Особенно спокойной норовила быть в последний час расставания, да не вышло со спокоем. Заскрипела зубами и обмерла. И еще раз обмерла на вокзале, когда он разжал ее руки на своей шее, заскочил в вагон. Даже после его ухода так счастливо дрожала, что, кажется, все внутри пело сладкой болью. Спала целые сутки… И потом долго он оставался в ней, почти физически чувствовала его около себя, хотя всего в тринадцать встреч вместилась их семейная жизнь…
Письма приходили редко, довольно странные: какие-то наброски мыслей о каком-то Великом характере, записи замыслов, воспоминаний. О чувствах не писал. И совсем не умолял блюсти верность. Стало казаться временами: да полно, были ли те тринадцать дней? Не сгорела ли их семейная жизнь в эту чертову дюжину?
Начинала было читать оставленные им записки, но бросила — что-то опасное было в них…
От блестящих флотских проходу не было. Военные моряки хоть посдержаннее торговых — в торговом флоте работала референтом, не бросая учебы на последнем курсе. Богатые, ушлые, повидавшие мир торговые моряки. И пожалела она, что принудила Истягина растравить в ней дремавшую женщину. Вся разгоралась до горького бесстыдства и смелости. Ох как остерегался он поджигать, будто чуял, что гореть будет.
Умом понимала: ждать надо — и ждала, но ожидания становились все более виноватившими его, злыми, беспомощными, унизительными.
Призналась толстушке Клаве Бобовниковой, служившей в отделе флота: «Ну хоть бы поскорее ранили моего Антошку… хоть бы на побывку вернулся».
— Вот уж не думала — такая ты дуреха! — Бобовникова расстегнула белую пуговицу с якорьком на всхолмленной, стянутой кителем груди. — Кто он тебе, этот Антон? Вы вместе сколько были? Неделю… Оглядись, выбери мужика попроще, не болтуна. Мой Вася, уходя на фронт, сказал: «Клавка, если приспичит, не связывайся с офицером. С офицером драма получится — семейные они. Будь честная — облюбуй матросика, он уж успокоит, и шито-крыто. Матрос — постоялец ненадолго, в мужья не станет набиваться».
И прямо, вроде с налету, завернул на ее огонек очень видный человек Степан Светаев.
Тогда город был затемнен, летняя ночь светла звездами, отблеском залива. После лекции о международном положении Серафима позвала своих приятелей в гости на квартиру матери.
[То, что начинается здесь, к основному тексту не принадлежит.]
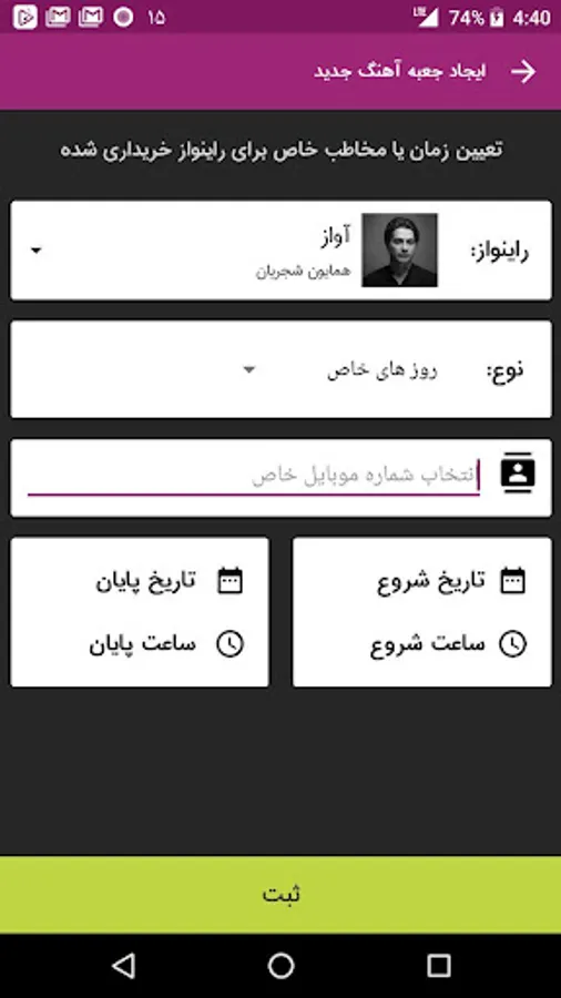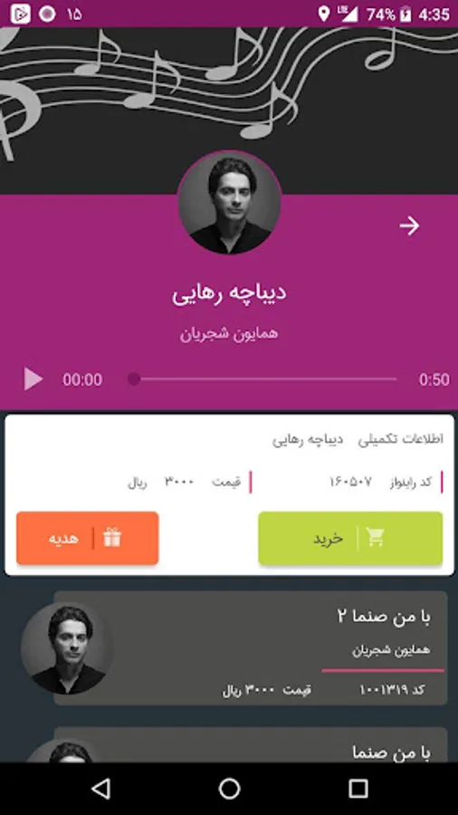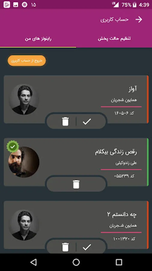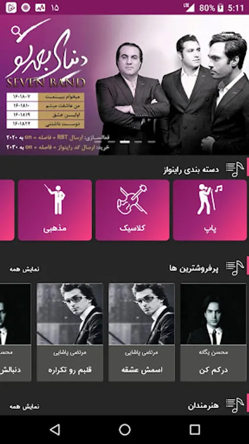 The Rinavaz app is a complete collection of RighTel Rinavaz that has been formally developed and implemented by RighTel Company. With the help of this app, you can access to full archive of RighTel Rinavaz and find your favorite song easily. One of this app features is the ability to search among different styles, play songs and activate them.You can also with using this app, give your favorite Rinavaz gift to your friends.

Локаторы (так она называла чутье) ни разу не подводили ее насчет отношения к ней мужчин. И сейчас, не оглядываясь, она чувствовала: Светаев идет за ней. Она знала, что ему надо, но риторический вопрос «Что ему надо от меня?» повторяла про себя, радуясь и все больше оживляясь, болтала с подругами.
У магазина остановилась. Она дала приятелю пропуск и талоны на спирт, колбасу и сигареты с пирамидами и арабом на верблюде на пачке, а сама осталась на улице в тупичке.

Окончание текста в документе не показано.